We have provided a lot of information within our guide to aid you in your journey towards remodeling or designing a new custom home.
While most of the information is bone dry, we hope it has at least provided you with a way to plan your journey and given you something to think about.
You can save a lot of money doing some legwork on your own, or pay your design professional to do so for you.
When it comes to procuring the building permit itself, many clients understand that term and may have had one for a new gas
line/ windows etc. Again depending on the local jurisdiction,
either the homeowner/client or contractor can obtain the construction permit.
The same applies to dealing with the local historical heritage board, design review board, planning department, etc.
Some choose to do so on their own and there are
many that don't. Let your architect know ahead of time if that is your intention, since these usually require a plan check of a comprehensive set of architectural,
structural drawings and calculations. A permit is usually required before construction can start.
Again it depends on the situation and the local jurisdiction.
Prepare yourself as much as possible or let your design professional walk you through the process.
It all depends on what you want or prefer to do.
- If adding square footage, a level or anything that requires new foundation work -provide a survey and soils report to the architect.
Check with your local building department.
- If a site plan is available, supply it to your architect (site plans are normally required for the permit review).
These can be obtained from the building department (existing buildings)
- Obtain financing or understand how you will pay for the work. Prepare for contingencies.
- Be aware that planning reviews, building permits and other agency related requirements have fees associated
- Factor in design related fees.
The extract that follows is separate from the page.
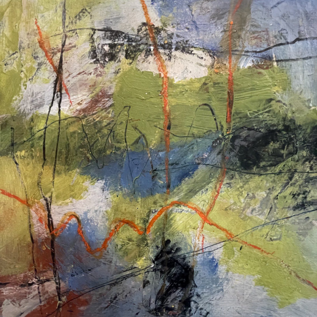 Acrylic paint, acrylic ink, collage, crayon, charcoal and pastel
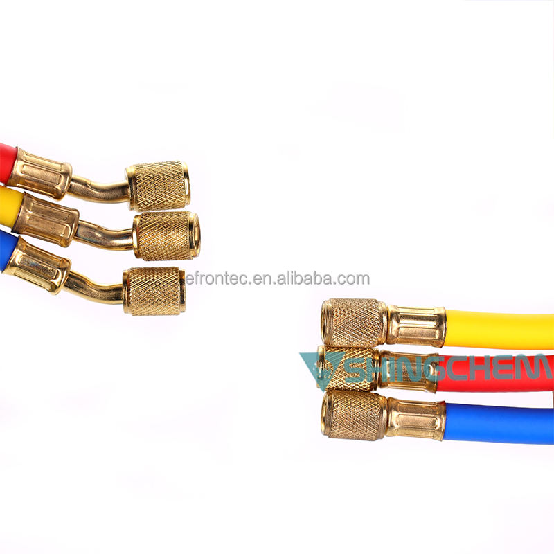 Piezas de aire acondicionado de goma rojo amarillo azul Gas refrigerante R22 R134 R410 130/180mm mangueras de carga de refrigeración

Many potential clients have a budget for construction but not one for design fees
or permit fees. If you haven't developed a realistic budget for construction, now is the time.
- Do you need full architectural services? For many smaller residential projects, the clients may not require or want
services like these. Talk to your architect about the level of service you want or are willing to pay for.
- Will I need the services of a structural or civil engineer?
- Will I need a geotechnical/ soils report?
- What are the utilities on site? I.e. sewer,well, natural gas, electrical power, potable water, fire hydrant, telephone & cable.
- Is my site an ecologically sensitive area which requires special consideration?
- Are there any wetlands, creeks, lakes on or near the property?
- Does my architect have a good set of contracts or provides guidance for an owner-contractor agreement?
- Does my architect provide a complete set of specifications or sheet specs or notes as part of the CD drawings?
- What are the costs of a complete set of specifications? Are those necessary on a small project?
- Are there difficult design review requirements or zoning/planning ordinances?
- Do you already have a contractor or will your design professional help you find one?
- If you choose to not use the services of an architect during Construction Administration, who will do that work?
Above all else, while it can be a stressful process, try to have fun and hopefully at the end of it all, you'll have the house you always dreamed off.